Release note: 0.4.0 moves CPU mel and Kaldi fbank computation onto sparse filterbank projection derived from the same dense reference matrices. On the Parakeet/NeMo JFK benchmark, the pure Rust frontend is now close to C/libtorch CPU trace performance while preserving fixture parity.

mel-spec is built around the parts of speech pipelines that need to be cheap, predictable, and easy to embed: STFT, Whisper-compatible log-mel features, Kaldi-style filterbanks, TGA spectrogram interchange, and a lightweight VAD that reuses the same mel/STFT features.

Main Features

Feature What it is for
Whisper-compatible mel Log-mel spectrograms aligned with whisper.cpp, PyTorch, and librosa.
Kaldi-compatible fbank 80-bin Kaldi-style filterbank features for speaker and audio models.
Streaming STFT Overlap-and-save STFT for live audio pipelines.
Model-free VAD Fast speech/non-speech decisions and timestamps from mel spectrogram structure.
TGA mel images Store and pass quantized mel spectrograms as simple 8-bit TGA files.
Local Whisper WASM Hush uses mel-spec mel tensors/TGA segments for fully local browser Whisper transcription.
Native GPU backends Experimental CUDA and wgpu paths for batched native mel generation.
Browser worker demo WASM worker and SharedArrayBuffer example for live browser audio.

Quick Start

use mel_spec::prelude::*;

let samples = vec![0.0_f32; 16_000];
let mel_frames = Spectrogram::compute_mel_spectrogram_cpu(
    &samples,
    400,
    160,
    80,
    16_000.0,
);

println!("frames={}", mel_frames.len());

The focused API examples are kept in the example READMEs so the top-level README stays readable:

Example Description
browser Stream microphone or WAV audio to a WASM mel worker.
mel_tga Convert raw audio to TGA mel spectrogram images.
tga_whisper Transcribe precomputed TGA mel spectrograms with whisper.cpp.
stream_whisper Stream ffmpeg audio through mel, VAD, and Whisper.
vad_ten_eval Evaluate mel-spec VAD against the vendored TEN-VAD testset.

Voice Activity Detection

mel-spec includes a lightweight, model-free VAD. It does not load a neural VAD runtime; it looks for speech-like Sobel edge structure in mel spectrogram frames and can attach STFT-derived timestamps to each decision.

Current balanced default on the checked-in TEN-VAD testset:

System Setting Macro precision Macro recall Macro F1 Macro FPR RTFx
mel-spec balanced default 0.8751 0.8785 0.8566 0.3946 819.6
mel-spec high-F1 sweep result 0.8165 0.9635 0.8769 0.6459 828.9
Silero tuned threshold 0.13 0.8897 0.9388 0.9088 0.3602 110.3
Silero default threshold 0.50 0.9379 0.8630 0.8826 0.1778 110.6

The balanced default is not trying to beat learned VADs at strict endpointing. It is a fast built-in option that reuses ASR mel features and avoids another model dependency. Tuned Silero is still more accurate overall; TEN-VAD is the source of the labels and upstream reports stronger precision/recall than Silero and WebRTC on the same testset.

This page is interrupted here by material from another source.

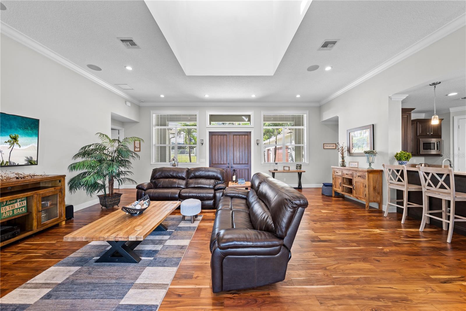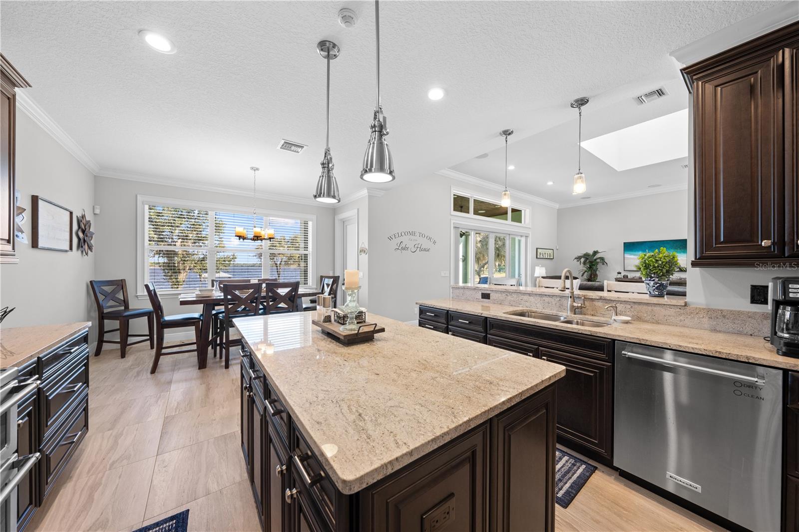Casa deslumbrante à beira do lago totalmente mobiliada com garagem para 3 carros e um lote adicional, localizada no condomínio fechado privado de The Bluffs em Red Beach Lake. Esta propriedade excepcional fica em uma área residencial de meio acre. Uma entrada fechada e um paisagismo exuberante dão as boas-vindas a esta moderna residência de 3 quartos e 2 banheiros com tetos altos, piso de madeira e belas vistas para o lago. A espaçosa sala de estar se abre através de portas duplas para uma varanda coberta à beira do lago com teto macho e fêmea, ideal para entretenimento ou relaxamento. A cozinha gourmet apresenta eletrodomésticos de aço inoxidável KitchenAid, bancadas de granito, backsplash de azulejos, ilha grande, assentos para café da manhã, iluminação sob o armário, armários deslizantes e uma grande despensa, com vista para o lago tanto da cozinha quanto da área de jantar. A suíte principal privativa oferece acesso à varanda, closets duplos e banheiro estilo spa com pia dupla de granito, banheira de imersão, box amplo com box de vidro, vaso sanitário e armazenamento de roupa de cama. Dois quartos adicionais e um banheiro de hóspedes oferecem espaço para a família, convidados ou um escritório. A lavanderia de grandes dimensões inclui armários, balcões de granito, pia, lavadora e secadora. A garagem para 3 carros possui piso em epóxi, acesso ao sótão, armários Gladiator e bancada de trabalho. Os destaques ao ar livre incluem um quintal parcialmente cercado, pátio, chuveiro ao ar livre, fogueira e um cais privado e casa de barcos com elevador para barcos, água e energia elétrica. Os recursos adicionais incluem janelas de impacto, isolamento de espuma em spray, fiação do gerador, sancas, som surround, portas de núcleo sólido, iluminação paisagística e aspiração central. Localizado na charmosa Sebring, recentemente apresentado na HGTV. HOA mantém áreas comuns e cercas.

Detailed method, provenance, commands, speed notes, and per-file results are in doc/vad/README.md.

TGA Spectrograms

TGA spectrograms are useful when you want a simple interchange format for mel features. They can be inspected as images, spliced, stored, and passed to the Whisper examples without keeping the original audio around.

This path is now live in Hush as local browser ASR. The browser uses mel-spec's Whisper-compatible log-mel output, stores captured speech segments as compact 8-bit TGA images, decodes them back to an 80-mel Float32Array, and passes that tensor directly to a custom whisper.cpp WASM binding via whisper_set_mel. The active Hush deployment verifies that local WASM Whisper can transcribe from the mel tensor without posting microphone audio to a server. This uses the direct-mel endpoint/entry point we PR'd against whisper.cpp, not the stock browser example that feeds PCM audio into whisper.wasm.

image "the quest for peace."

Mel spectrograms are also robust under heavy quantization. Whisper does not need high-precision PCM once the signal has been projected into mel space: 8-bit TGA images preserve the information the model sees, and even coarse rounding of mel values can retain useful transcription quality.

Original: [0.158, 0.266, 0.076, 0.196, 0.167, ...]
Rounded:  [0.2,   0.3,   0.1,   0.2,   0.2,   ...]

original quantized mel spectrogram coarsely rounded quantized mel spectrogram (top: original mel values, bottom: values rounded to 1.0e-1 before image quantization)

Performance

Benchmarks on Apple M1 Pro, single-threaded release build:

Audio Length Frames Time Throughput
10s 997 21ms 476x realtime
60s 5997 124ms 484x realtime
300s 29997 622ms 482x realtime

mel() and the Kaldi filterbank builder still produce dense filterbank matrices for reference, fixture comparison, and interchange with other toolchains. Runtime mel/fbank computation derives sparse projection tables from those dense matrices, so the executed math is checked against the same reference weights instead of maintaining a separate filterbank definition.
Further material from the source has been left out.